I was asked recently by the head of media relations to answer some questions about UCL’s attempts to build its “corporate identity” (nice to be asked, for a change). My answer was that I though they probably did more harm than good. The reason for saying that is that they are, only too often, downright embarrassing. I’ve mentioned the examples of ‘sustainable degrees‘, the concordat fiasco and ‘research days‘. And the new-age junk forced on our research staff by Human Resources is acutely embarrassing.
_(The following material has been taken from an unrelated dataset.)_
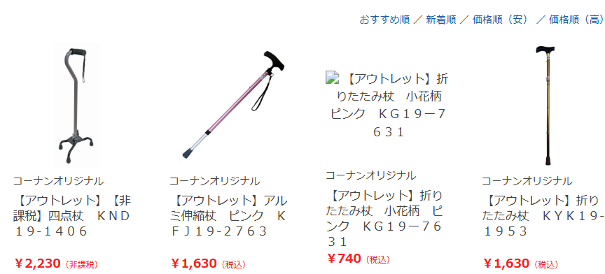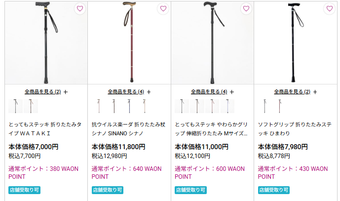 ドラッグストアでは、ウエルシアに杖が売っていました。

Luckily for UCL, all universities have pursued this corporate path, so there is nowhere to run to,
The general public, having lived through the Blair era, is able to detect vacuous spin when it hears it. And there is no shortage of that in universities now. The aim of science is to discover truth. The aim of PR is to disguise truth, They are utterly incompatible. In the words of the “unrepentant capitalist” Luke Johnson, in the Financial Times,
“I have radically downsized HR in several companies I have run, and business has gone all the better for it.”
Another way to dismepower academics Steven Schwartz, with his spy network, is quite excessively conspiritorial. There is a much easier way to do it, You have a consultation. You hold open “town meetings”. The opposition then reveal themselves. Having taken the precaution of neutering the academic board, you are under no obligation to take the slightest notice of what anyone else says, and public humiliation of opponents will ensure there aren’t too many of them. I have seen this plan in action. It works rather well, in the short run. In the long run, though, academics lose morale, loyalty and altruism when treated in that way. Vice-chancellors who behave like that are bringing their institution into disrepute.
This was poeted from the train to Edinburgh,where I’ll be giving the Paton lecture, on a related topics.
Follow-up
The modified paper has now been published in Higher Education Quarterly. And, guess what, Steven Schwartz’s name is not mentioned in it.